Films illustrés par Gwendoline Clossais FacebookTwitter
17/05/2011
 

Sans toit ni loi d'Agnès Varda

Sans toit ni loiLion d'or au Festival de Venise en 1985, Sans Toit ni loi est un film sur une errance tous risques sans touristes d'une marginale. Le corps de Mona, une jeune fille morte de froid, est découvert. Pourquoi est-elle morte dans un fossé ? Pour répondre à la question, Agnès Varda nous livre une enquête éclatée en kaléidoscope des gens que cette vagabonde a croisés sur sa route. Flash Back sur Mona qui parcourt la région du Gard en vivant comme une « nomade », et en organisant sa propre loi. Une sauvageonne – sans cesse dans le purgatoire de la mauvaise humeur – qui vagabonde, sac au dos, d'un petit boulot à une gare de train pour se reposer parmi d'autres marginaux. Une errance dans la saleté d'une rebelle. Varda souligne que l'odeur des routards souillons et frigorifiés les met à l'écart d'une société valorisant la propreté. On the road, automne et hiver, dans le Sud de la France.

Mona est interprétée par une Sandrine Bonnaire qui porte un rôle inverse à celui de ses débuts, lors de ses 16 ans, lorsqu'elle était Suzanne dans À nos amours de Maurice Pialat. Mais Mona rencontre aussi d'autres femmes. Retenons Yolande Moreau (c'est son premier film) qui joue une bonne déclarant, pince sans rire, « il n'y a pas d'omelettes sans casser d'œufs ».Mais surtout, Macha Méril interprète de Madame Plantier, laquelle cherche à comprendre Mona tout en essayant de sauver les Platanes qui meurent dans la région. Sur cet axe entre l'une « plantologue », et l'autre marginale de la route, Serge Daney a écrit ceci : « Mona aimerait garder quelque chose : des enfants, des maisons vides. La Plantologue aimerait garder les platanes en vie (or un mal secret les ronge eux aussi) » in « Ciné-journal ».

Bonus

Des boni comme on les aime. Agnès Varda égrène 18 ans après, souvenirs, entretiens et commentaires sur le film. Le film a été tourné à Nîmes et ses environs après une longue enquête sur les vagabonds. Bien qu'il existe en depuis la nuit des temps, ce qui était nouveau, pour la réalisatrice a été la découverte de filles seules, dormant sous un porche à moins quatre degrés. Mona est une rebelle qui refuse de se comporter comme une victime. Elle rejette le monde, de la même façon qu'elle en est rejetée, libre seule et égoïste. « Mona est une fille », nous explique Agnès Varda, « qui dit merde à tout le monde et ne dit jamais merci » (le côté féminin de Boudu sauvé des eaux de Jean Renoir)
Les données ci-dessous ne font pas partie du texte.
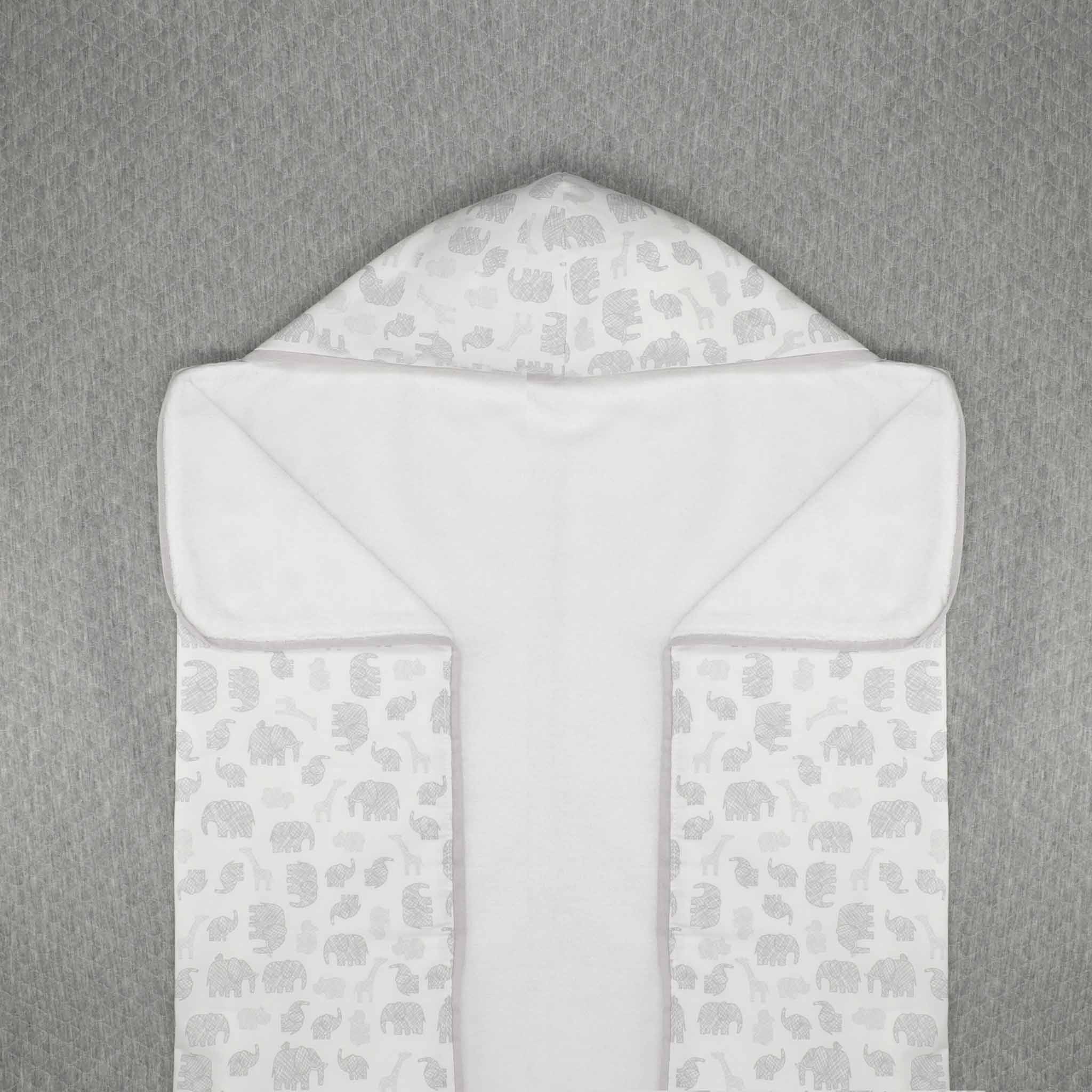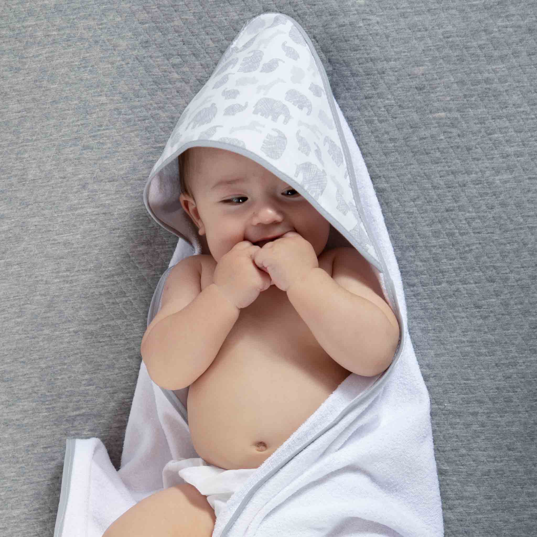 Cuida y dale estilo a tu bebé al salir de la ducha con nuestras toallas para bebé 100% algodón con diseño de tiernos elefantes en tonos grises. La capucha protege del aire los oídos del bebé, al sacarlos del agua.
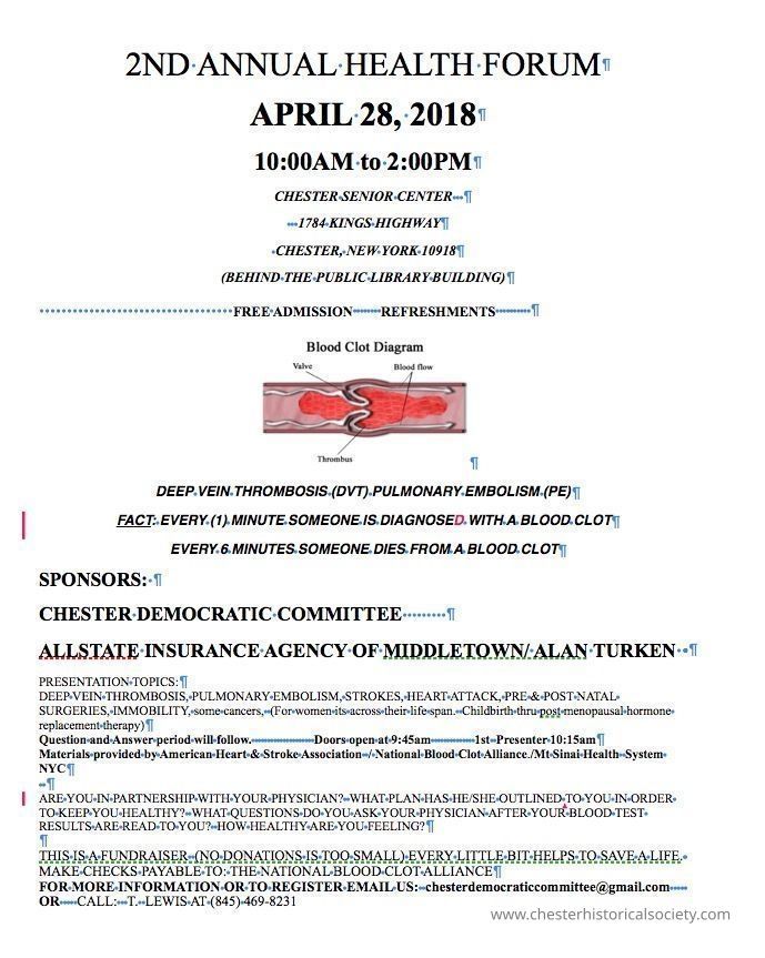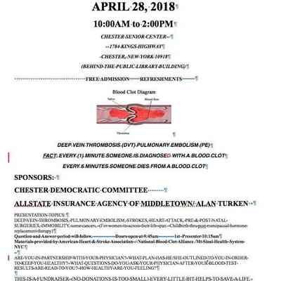 A flyer for the 2nd Annual Health Forum held on April 28, 2018, from 10:00 AM to 2:00 PM at Chester Senior Center in Chester, New York. The event offers free admission and refreshments and features a discussion on topics like deep vein thrombosis, pulmonary embolism, strokes, heart attacks, surgeries, and immobility. Sponsored by the Chester Democratic Committee and Allstate Insurance Agency of Middletown/Alan Turken.Category
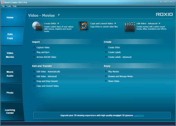 В новой версии пакета приложений появилась возможность конвертирования обычных фотографий и видеороликов в 3D-содержимое. Roxio Creator 2011 поддерживает 3D-форматы, которые используются в современных трехмерных фильмах, а также разнообразные устройства, предназначенные для работы с таким контентом. Пользователи программы могут импортировать стереоскопическое содержимое прямо из 3D-камер и других устройств захвата и затем создавать собственные 3D-проекты с эффектами перехода, титрами, фильтрами и звуковой дорожкой.
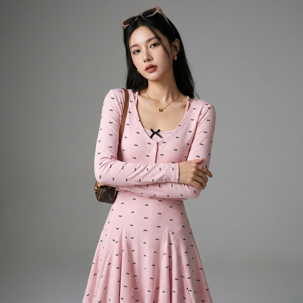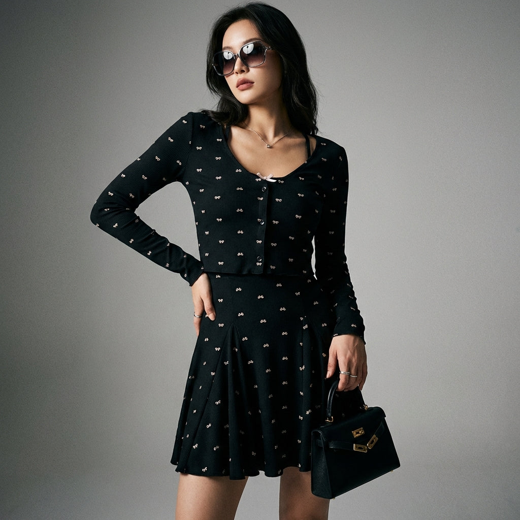 Kreieren Sie einen romantischen und modernen Look mit unserem langärmeligen Cardigan-Set und dem passenden Minirock. Der Cardigan besticht durch ein zartes Schleifenmuster, während der A-Linien-Rock mit schmaler Taille die Figur schmeichelt. Ideal für einen schicken und lässigen Stil! 🎀

Sur la musique, Agnès Varda, explique à la musicienne Joanna Brudzowicz, qu'elle cherchait une musique qui puisse accompagner le périple de Mona et non pas qui serve de musique de fond. D'où son choix pour ses concertos.

L'un des grands moments des boni : elle nous explique avoir décidé de faire 12 travellings présentant la marche de Mona seule et chaque fois de droite à gauche. Il y a, par rapport à la persistance rétinienne, un jeu entre la fin d'un travelling et le début du travelling suivant, 8 à 5 minutes plus tard (exemple : si l'un des plans se termine dans une cabine téléphonique, il redémarre 5 à 8 minutes plus tard avec un téléphone). Cette accroche est aussi musicale, comme une croche, elle permet d'entendre petit à petit la partition du concert musical de Joanna Brudzowicz, Waaaoooh !

Sans toit ni loi d'Agnès Varda édité par Cinéart et diffusé par Twin Pics.